The reality is similar: marching rows of tomatoes, ripening beneath the glowing white ceilings.
Driving along the coast, the scene enlarges and repeats itself. Huge tents march up the slopes of the hills, nestle between buildings in towns, and sprawl across the narrow coastal plains to the water. They absolutely cover the landscape.
I don’t think I’ve ever seen arming this intense or widespread. Wikipedia says that 15% of the world’s cultivated tomatoes are grown here, using this method, and the extent of the tents is growing at double digits per year. There is a vast system of irrigation, originally drawing from aquifers and now from desalinization, that nurtures the crop, and an enormous army of people who pick and pack the harvest.
In photos from space, above right, the white plastic tents blanket the countryside south of Almeria, completely obscuring the ground beneath.
I have mixed feelings about this: I like the miracle of having tomatoes throughout the year at my local store at reasonable prices.

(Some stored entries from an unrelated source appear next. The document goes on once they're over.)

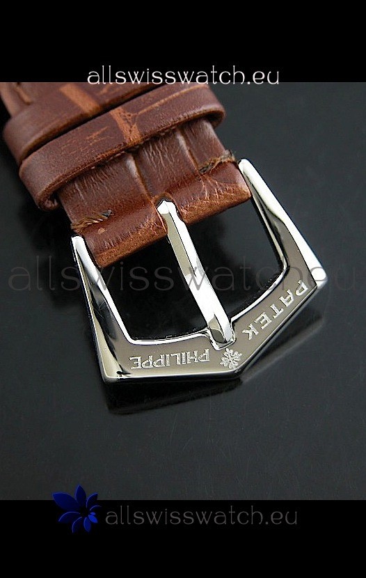 Strap: Genuine Brown Leather Strap with Patek Philippe Markings
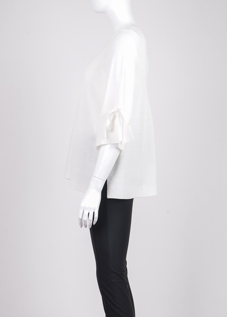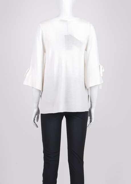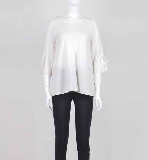 소매라인리본이 여성스러운 미디움기장의 살짝 A라인 니트입니다.
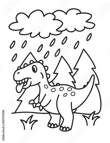 Fototapeta premium Cute dinosaur coloring book, cute dinosaur coloring page, line art, victor, illustration, black-white, dinosaur, coloring book, coloring pages, bold & easy, dinosaur coloring book, dinosaur coloring
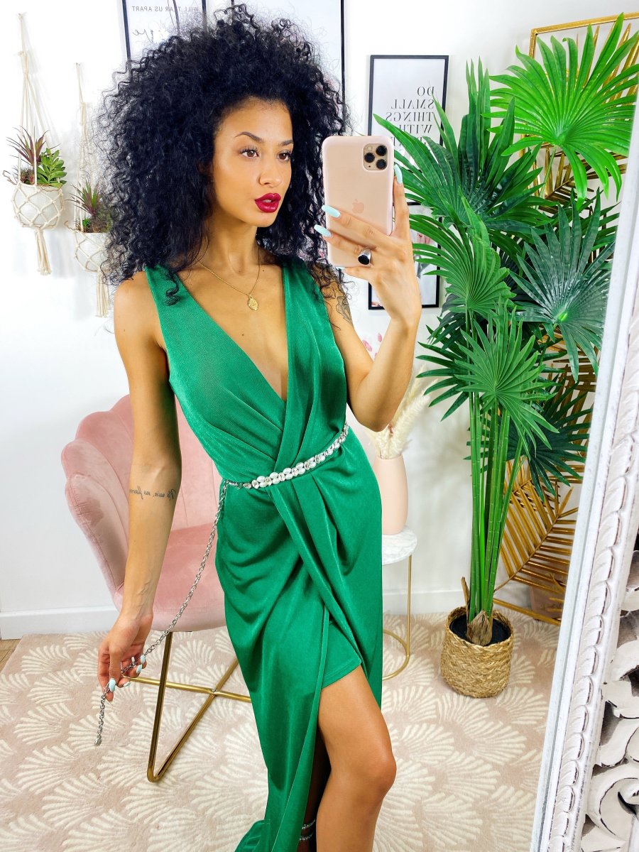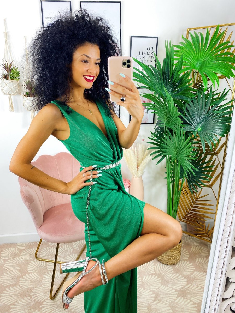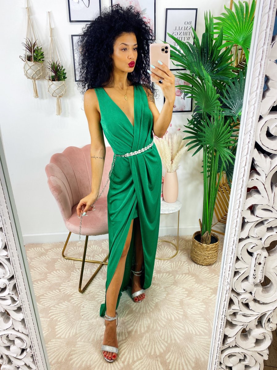 Recensisci per primo “Abito aderente con scollo a V e spacco verde”
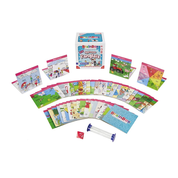 BrainBox est un jeu de mémoire et d’observation qui te mettra à l’épreuve. Que peux-tu mémoriser en seulement 10secondes? Cette édition pour apprendre l’anglais aide à développer son vocabulaire avec des cartes présentant des scènes bilingues.
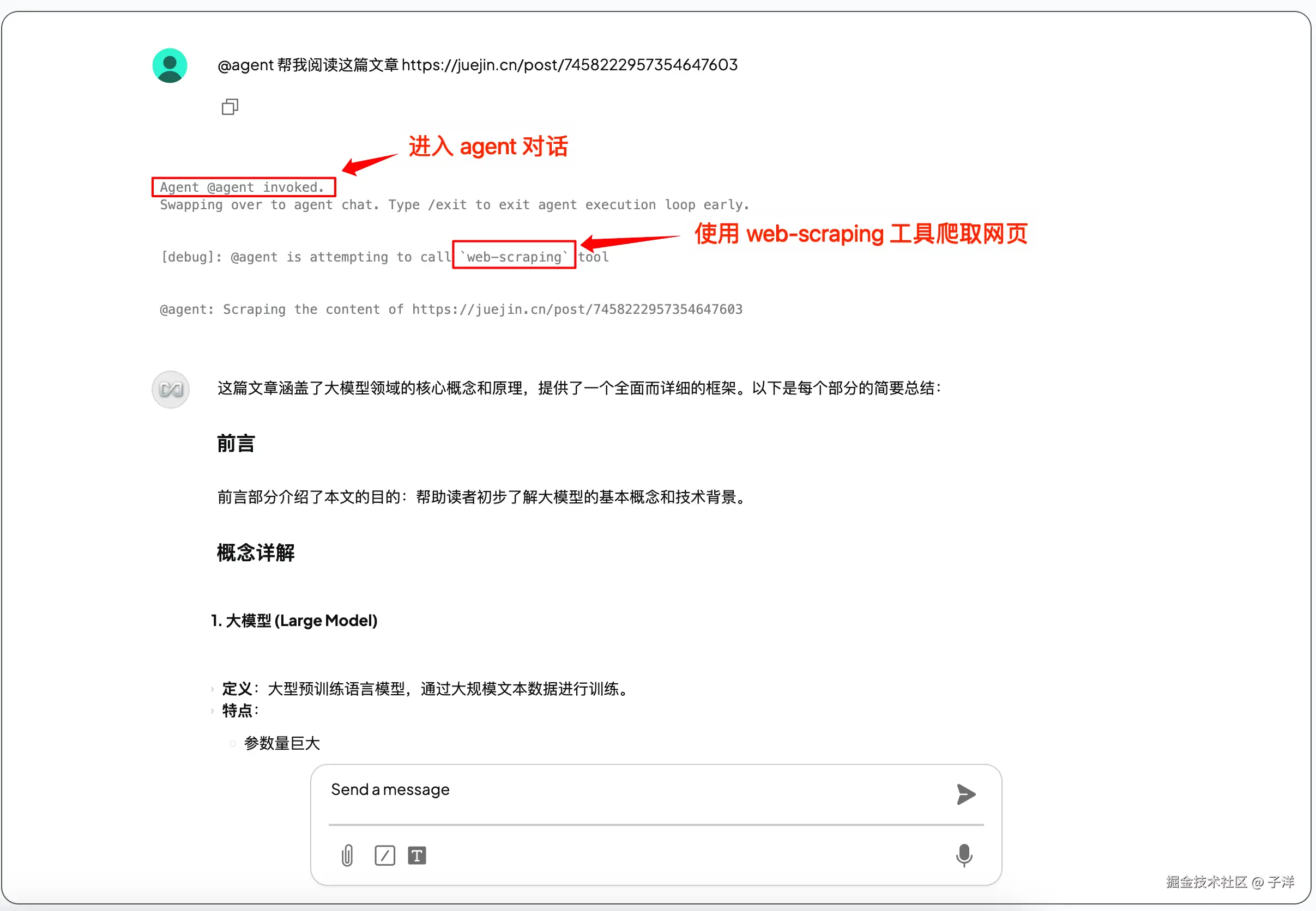 - Agent 会通过 Web Scraping 工具爬取指定页面并返回结果。
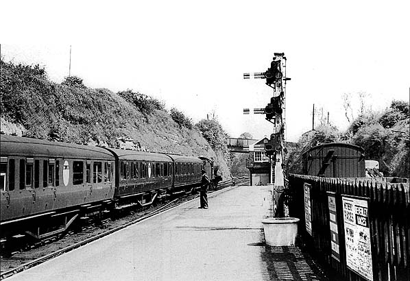 A northbound passenger train waits at the down platform at Wetherby station in spring 1959. Devils Toenail Junction is seen under the bridge with the Harrogate line to the left
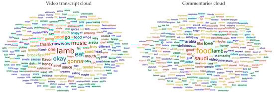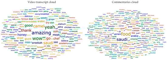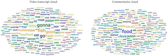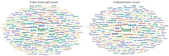 Figure 6 shows us the results of Mark Wiens’s video: Street Food + SEAFOOD in Saudi Arabia!! SA Best RED SEA Fish and Shrimp in Jeddah!! []. The cloud transcription represents the image of Saudi Gastronomy through the “media frames” and it shows the effect in the cloud commentaries. The most important media frames that let us to know some positioning attributes that build the representation of the image of the destination Saudi Arabia appear to be fish, eat, good, fresh, food, sea, spices, try, and sauce. The most important “audience frames” appear to be food, Arabia, Saudi, Arabia, Jeddah, visit, country, and yummy. The comparison lets us know the influence of this video on the audience.
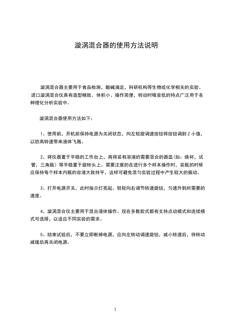 漩涡混合器使用方法如下:
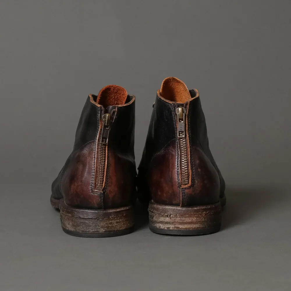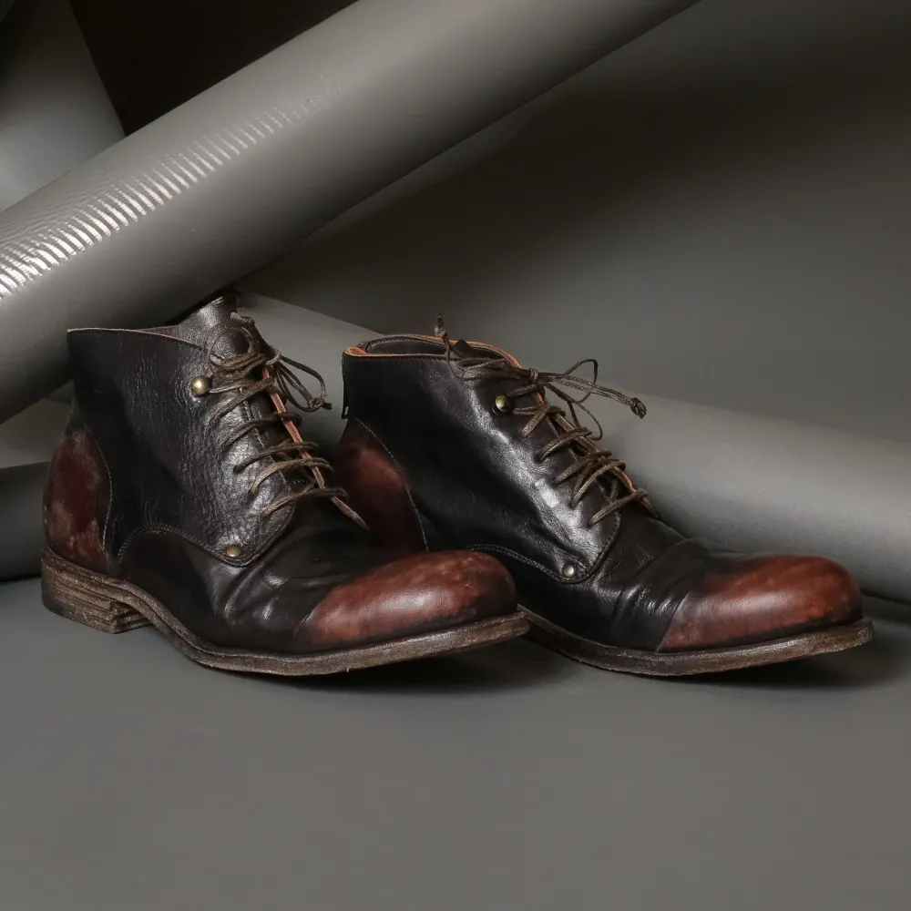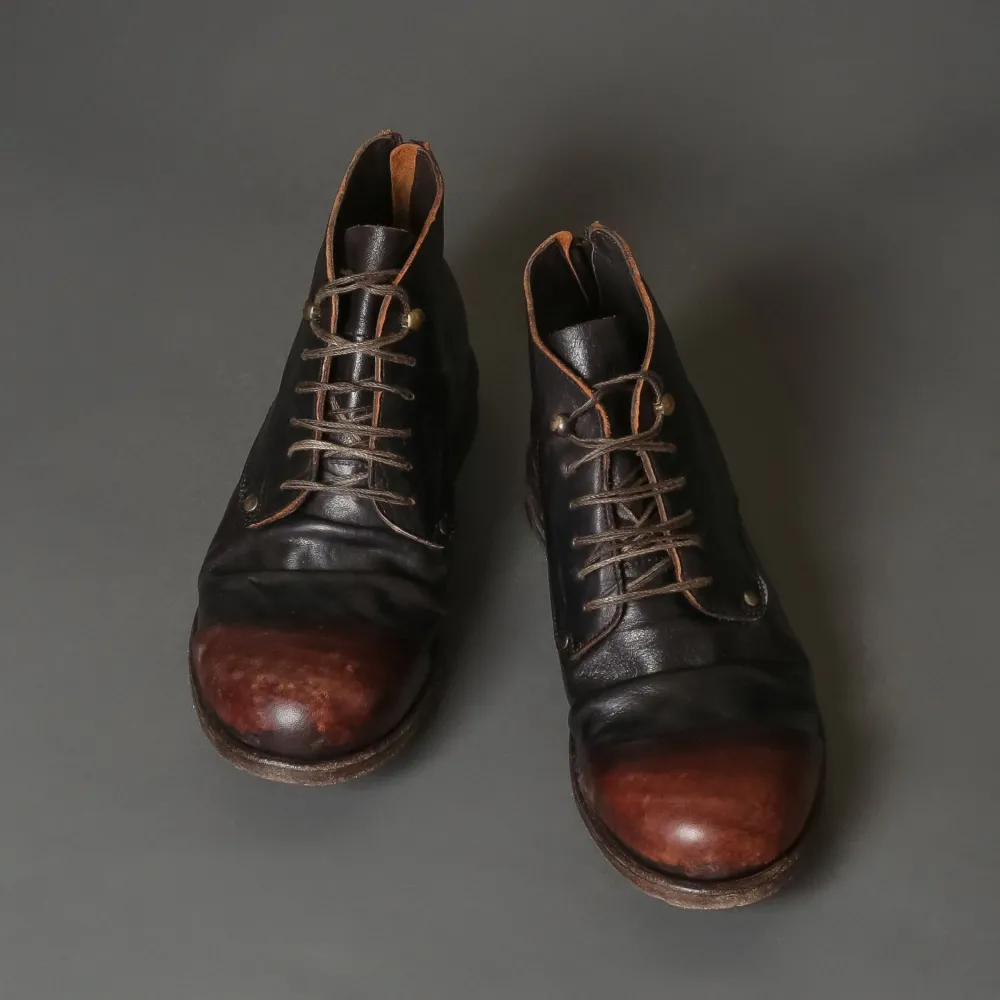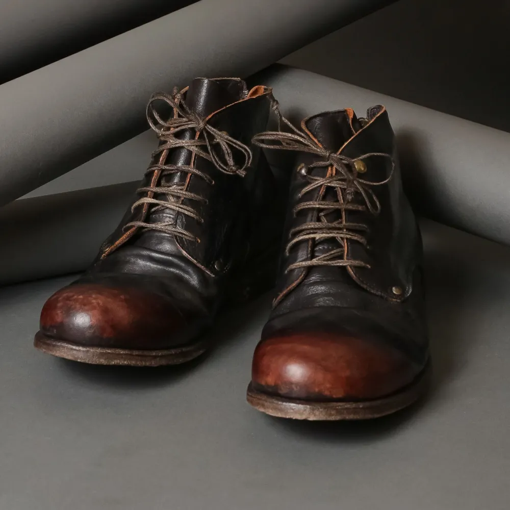 Limited Edition Lace Up Ankle Boot From Artisan Makers Shoto, Featuring A Beautiful Aged Unique Detailed Finish. Sitting On A Double Rapid Blake Contruction Making These Boots Comfortable And Durable. Pair Back Your Way With Your Favourite Apparel.

But it is based on a system that, on the artificiality and scale of it, feels forced and unsustainable. I’m reading to learn more about the ecologic and social impacts of the process, but it was a wholly unexpected and thought-provoking truth behind the simple grocery stand.
Labels: Food and Diet, Society and Technology, Spanish Culture
2 Comments:
If it makes you feel any better, the tomatoes at the AH are usually grown in greenhouses in Zeeland (or thereabouts). Occasionally I see tomatoes tagged with Spain as the country of origin, but I think most of the tomatoes in the Netherlands are local.
Hi, Jules, and thanks, I hope that you're doing well. Fair point, my information came from the production side where they claim markets throughout Europe, especially in the north and Benelux.
I'm not sure guilt is my concern, more the ecologic and social consequences of large commoditized businesses. As economies of scale kick in, as prices drop, as margins fall, businesses grow by increasing volume, pressuring costs (mostly wages), and pumping up demand. I suspect that the industry is consuming water, fertilizers, and pesticides at an increasing rate, experimenting with engineered high-yield varieties, and depending heavily on migrant work (hence my reading to better understand it).
The problem isn't the methods so much as concern for the scale and growth, the money that will trump any problems it creates.